Exact repetition of a range: find the line containing "1 * Black and" and the line containing "Le tout dans" in the material below, then repeat both and all lines between them, leaving pictures out.

**PROVIDED DATA**
○ ○ ○ ○ ○

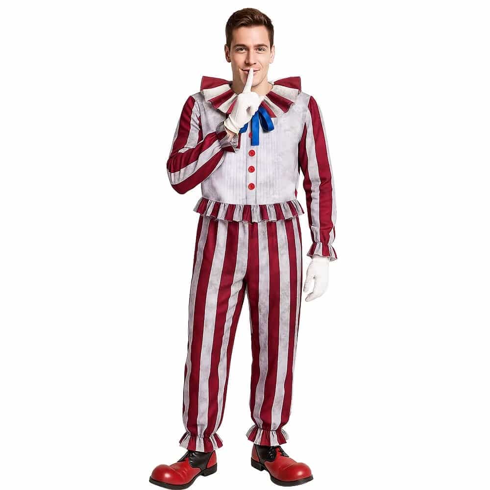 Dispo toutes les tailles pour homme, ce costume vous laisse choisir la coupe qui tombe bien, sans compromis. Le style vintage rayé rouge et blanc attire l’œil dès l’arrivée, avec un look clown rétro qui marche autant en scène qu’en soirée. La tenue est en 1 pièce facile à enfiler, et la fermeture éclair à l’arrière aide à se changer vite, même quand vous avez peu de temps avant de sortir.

○ ○ ○ ○ ○

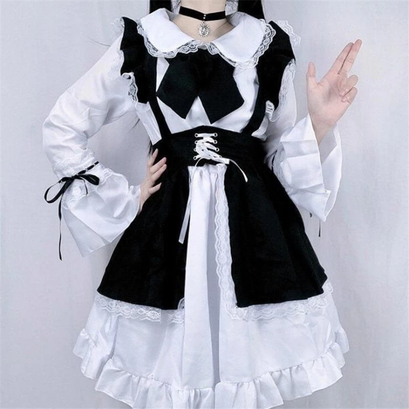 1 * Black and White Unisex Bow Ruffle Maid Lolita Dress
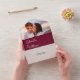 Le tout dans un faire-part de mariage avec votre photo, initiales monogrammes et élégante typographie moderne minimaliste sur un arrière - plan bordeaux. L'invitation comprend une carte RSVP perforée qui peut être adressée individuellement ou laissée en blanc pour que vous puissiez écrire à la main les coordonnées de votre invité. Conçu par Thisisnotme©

○ ○ ○ ○ ○

**THE COMPLETED TASK**
 1 * Black and White Unisex Bow Ruffle Maid Lolita Dress
 Le tout dans un faire-part de mariage avec votre photo, initiales monogrammes et élégante typographie moderne minimaliste sur un arrière - plan bordeaux. L'invitation comprend une carte RSVP perforée qui peut être adressée individuellement ou laissée en blanc pour que vous puissiez écrire à la main les coordonnées de votre invité. Conçu par Thisisnotme©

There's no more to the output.